# Input from reptile folk?



## Emily (May 4, 2010)

So I posted about this in another thread but I'll just put it up again to save myself some typing:



> From all the reading I have been doing blue tongued skinks sound like they make great pets. Unfortunately it seems that they are going to be hard to come by. I thought about looking into bearded dragons and uromastyx but online, the consensus seems to be that BTS are hardier and more "affectionate".


It seems that the uro and beardie will be more cost effective due to them being more popular, but apparently the BTS is the better "pet" so maybe I am better off holding out until one pops up somewhere. I have petsat a few reptiles in the past and always admired them but this would be my first time owning one and I am really looking for something that won't break the bank, is hardy and not too fragile, and is as personable and affectionate as possible. I heard the the BTS is a slow mover and enjoys just hanging out with its person, which appeals to me a lot.

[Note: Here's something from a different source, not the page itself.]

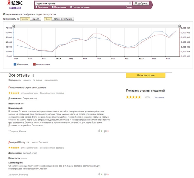 Вид бизнеса: Интернет-магазин Продается прибыльный интернет-магазин лодок ПВХ и туристических палаток. lodka-mag.ru Магазин в сумме проработал около 3-х мес. В пакет для продажи входит: -Продающий сайт с удобной админкой и настоящими аудио отзывами. Заказ осуществляется с любой страницы сайта в 3 клика и 2 поля для заполнения. Возможна оплата банк. картой и другими способами. Конверсия сайта (из директа) из посетителя в заказ 2-5% -самое полное среди конкурентов описание товаров и видеообзоры. -2 домена -Настроенная рекламным агентством кампания в Яндекс.Директ и GA на Москву и регионы (показы в гарантии и спец размещении). -Яндекс маркет с отзывами, рейтинг 4 звезды -Прямой мобильный, московский номер, -Crm система (amocrm) с информацией по всем заказам, в т.ч. указанием источника трафика. -Контакты и наработки по взаимодействию с поставщиками -Подробная и понятная процедура работы для менеджера, с 8ми утра до получения денег от курьера. операционную работу можно делегировать с первого дня на 100% -Первичное консультирование по бизнесу и рекомендации по развитию. -Бонус: Платные программы обучения по лидогенерации от известного маркетингового агенства Бизнес не требует вложений. Только деньги на рекламу. Схема расчётов с поставщиком: утром на складе купил товар, за нал или переводом на карту сбер, вечером получил от курьеров деньги с прибылью. Причина продажи: смена бизнеса, в который срочно нужны вложения. Есть вопросы? Звоните!

If possible, the less I have to feed crickets/bugs/pinkies the better and I am not particularly interested in leopard geckos.

Any feedback and experience you guys are willing to share would be much appreciated


----------



## Master wilkins (Dec 10, 2012)

Kurtis just got back to me here is what he said "So for a eastern blue tongue skinks are 149 and key island skinks are 210"


----------



## Elle (Oct 25, 2010)

reptileguy on this forum may also be a good source for info.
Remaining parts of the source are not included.